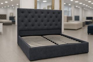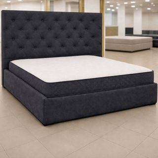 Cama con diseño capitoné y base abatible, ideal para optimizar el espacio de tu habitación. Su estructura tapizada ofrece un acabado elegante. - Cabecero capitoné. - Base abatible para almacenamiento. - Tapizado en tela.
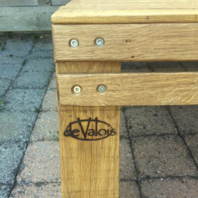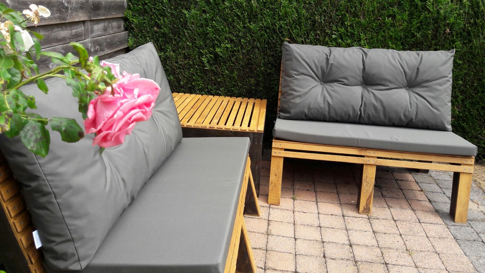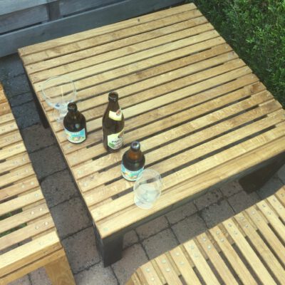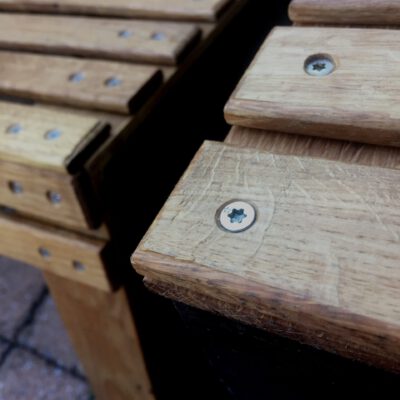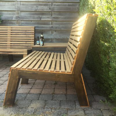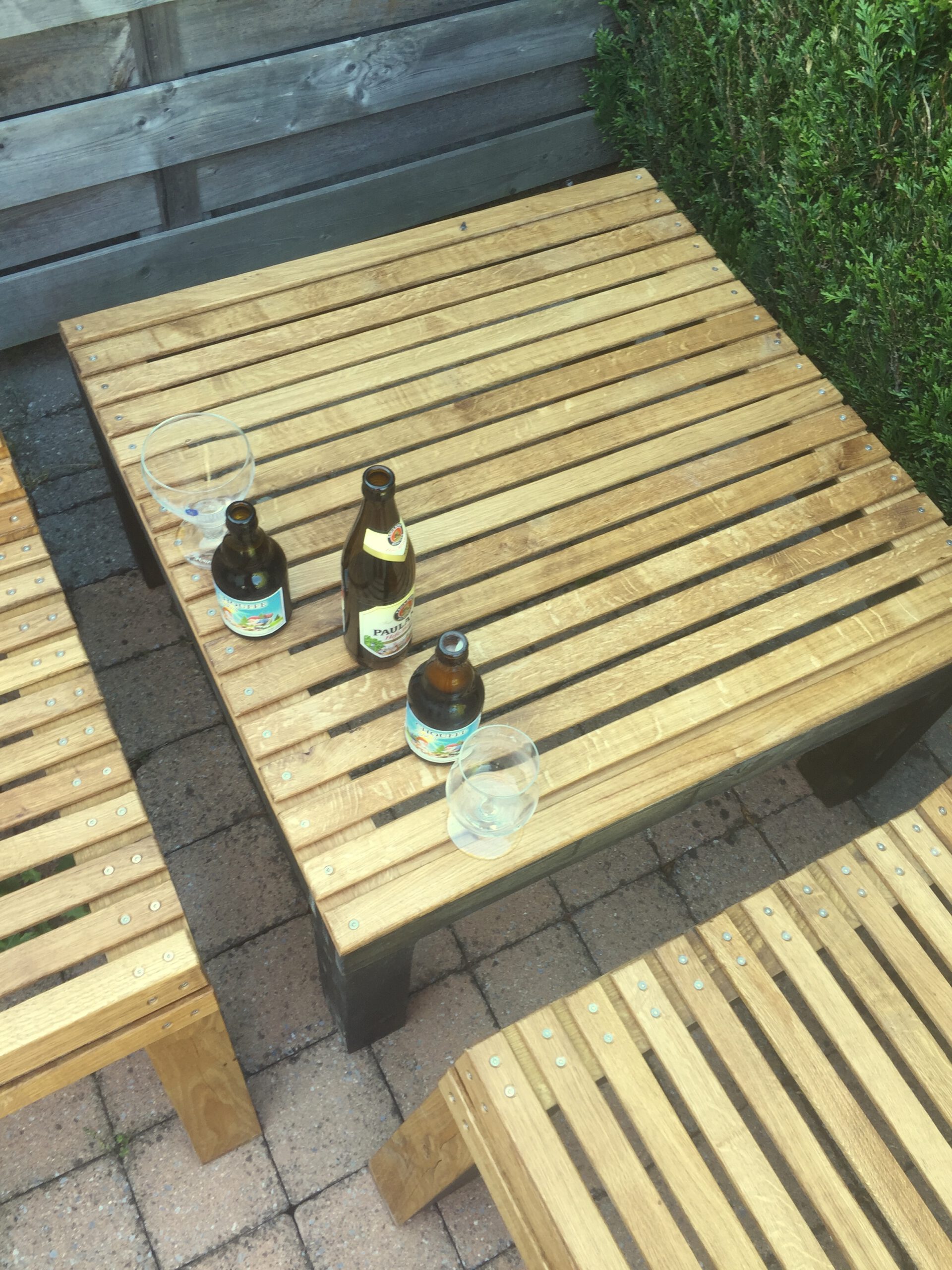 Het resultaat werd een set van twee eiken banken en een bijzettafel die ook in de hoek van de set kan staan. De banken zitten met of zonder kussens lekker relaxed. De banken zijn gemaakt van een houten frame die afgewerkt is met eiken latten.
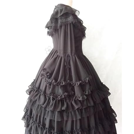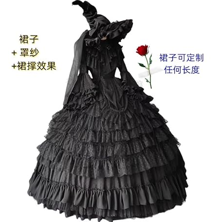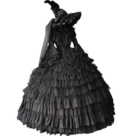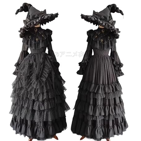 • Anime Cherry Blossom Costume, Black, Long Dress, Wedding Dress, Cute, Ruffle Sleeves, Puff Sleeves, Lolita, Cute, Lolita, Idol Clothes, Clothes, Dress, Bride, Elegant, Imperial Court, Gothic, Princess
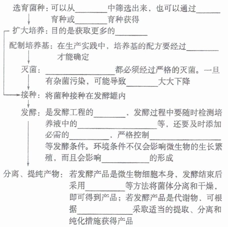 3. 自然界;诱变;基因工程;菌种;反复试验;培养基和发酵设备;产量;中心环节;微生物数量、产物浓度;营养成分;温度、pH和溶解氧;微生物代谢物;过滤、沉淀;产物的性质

--

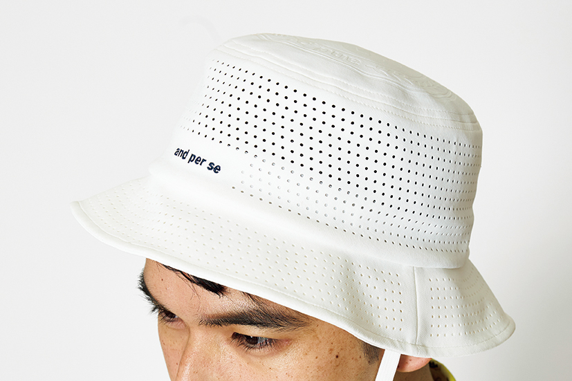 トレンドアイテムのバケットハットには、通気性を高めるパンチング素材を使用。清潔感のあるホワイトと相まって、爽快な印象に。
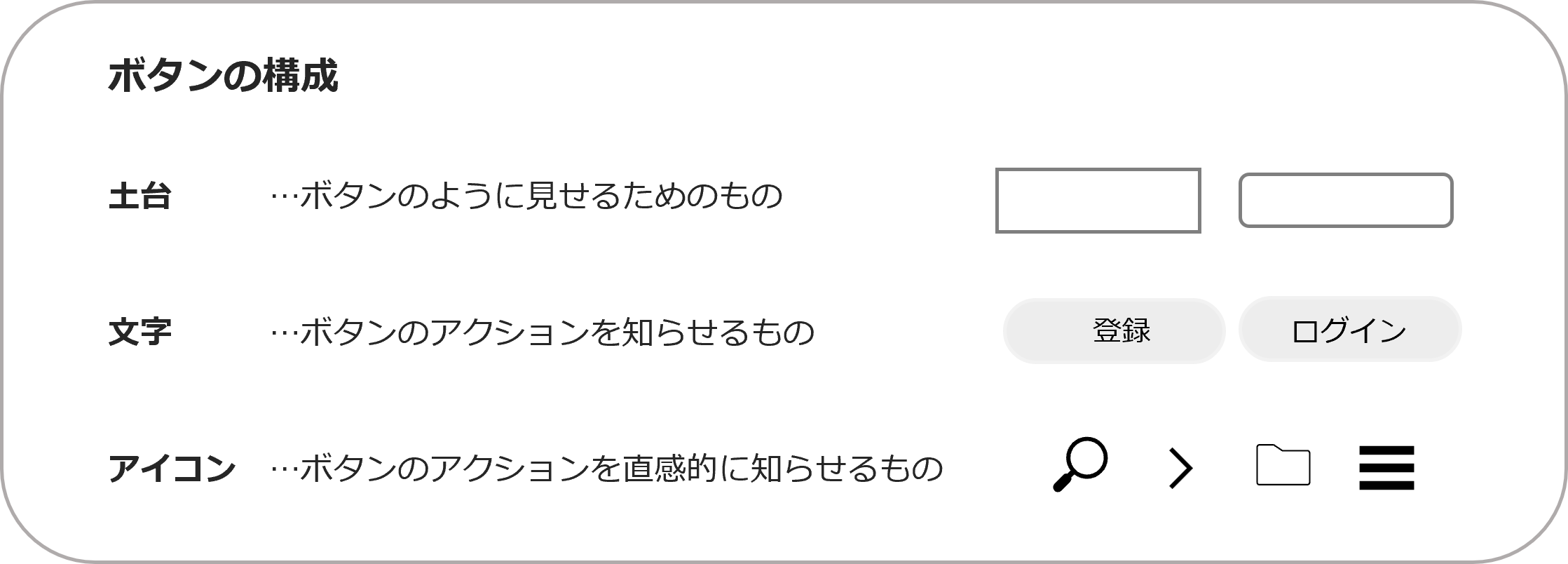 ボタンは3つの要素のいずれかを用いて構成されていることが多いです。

==

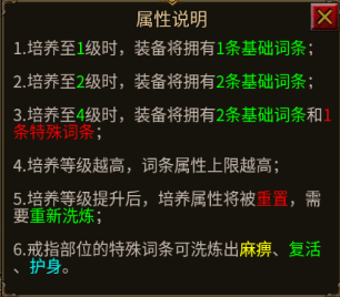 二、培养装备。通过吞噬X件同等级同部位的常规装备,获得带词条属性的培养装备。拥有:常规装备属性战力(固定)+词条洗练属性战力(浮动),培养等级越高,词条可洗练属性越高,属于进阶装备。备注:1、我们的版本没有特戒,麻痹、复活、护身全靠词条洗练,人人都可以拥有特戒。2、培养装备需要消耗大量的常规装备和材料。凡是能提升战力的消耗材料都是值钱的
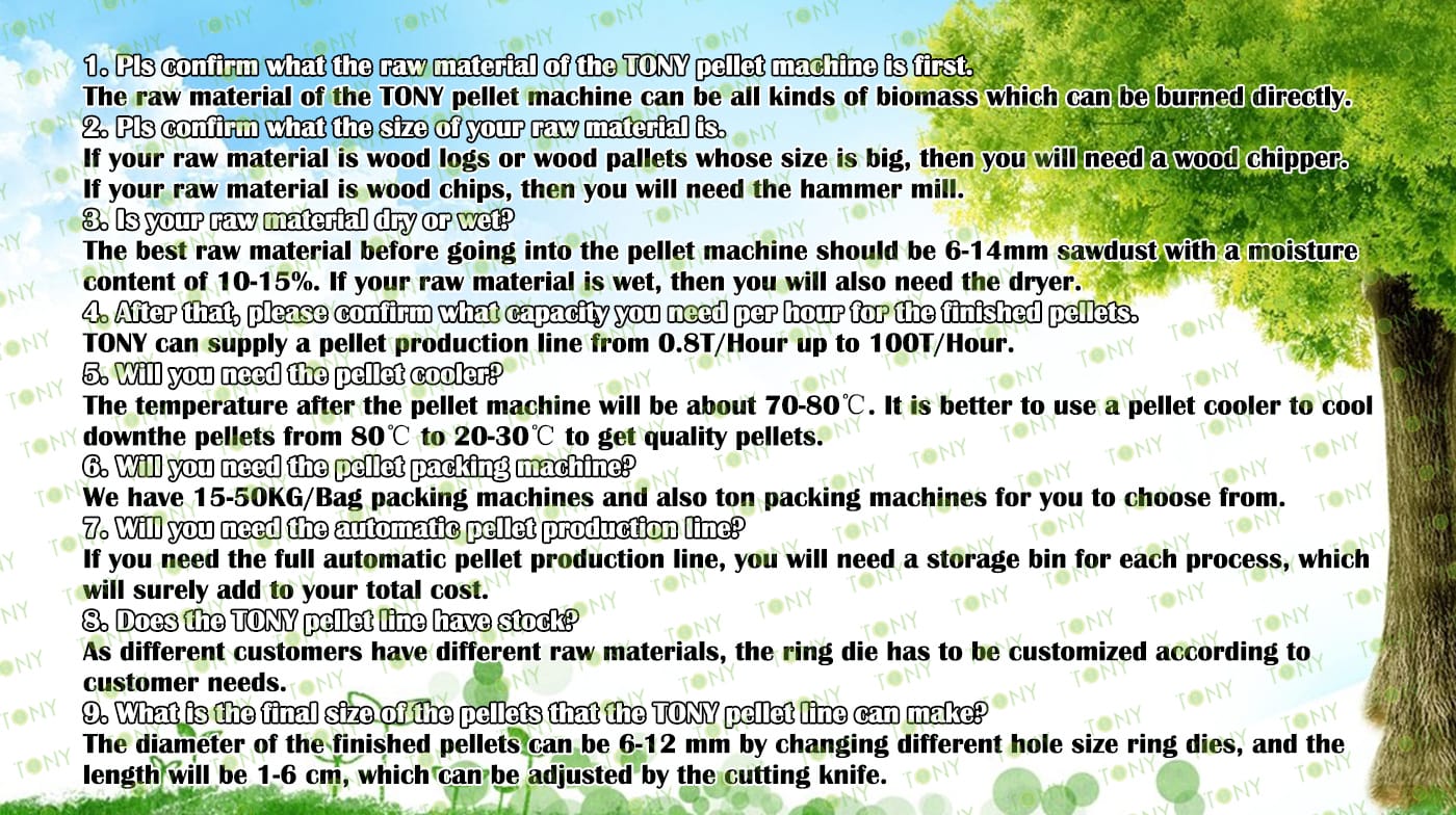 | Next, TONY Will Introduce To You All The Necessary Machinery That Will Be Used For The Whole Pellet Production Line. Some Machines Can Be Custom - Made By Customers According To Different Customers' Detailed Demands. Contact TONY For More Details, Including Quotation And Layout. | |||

### PROBLEM REQUIREMENTS
Give again the stretch of the entries above that begins at the line with "Cama con diseño" and ends at the line with "3. 自然界;诱变;基因工程", word for word, with no pictures.

### EXPECTED ANSWER
 Cama con diseño capitoné y base abatible, ideal para optimizar el espacio de tu habitación. Su estructura tapizada ofrece un acabado elegante. - Cabecero capitoné. - Base abatible para almacenamiento. - Tapizado en tela.
 Het resultaat werd een set van twee eiken banken en een bijzettafel die ook in de hoek van de set kan staan. De banken zitten met of zonder kussens lekker relaxed. De banken zijn gemaakt van een houten frame die afgewerkt is met eiken latten.
 • Anime Cherry Blossom Costume, Black, Long Dress, Wedding Dress, Cute, Ruffle Sleeves, Puff Sleeves, Lolita, Cute, Lolita, Idol Clothes, Clothes, Dress, Bride, Elegant, Imperial Court, Gothic, Princess
 3. 自然界;诱变;基因工程;菌种;反复试验;培养基和发酵设备;产量;中心环节;微生物数量、产物浓度;营养成分;温度、pH和溶解氧;微生物代谢物;过滤、沉淀;产物的性质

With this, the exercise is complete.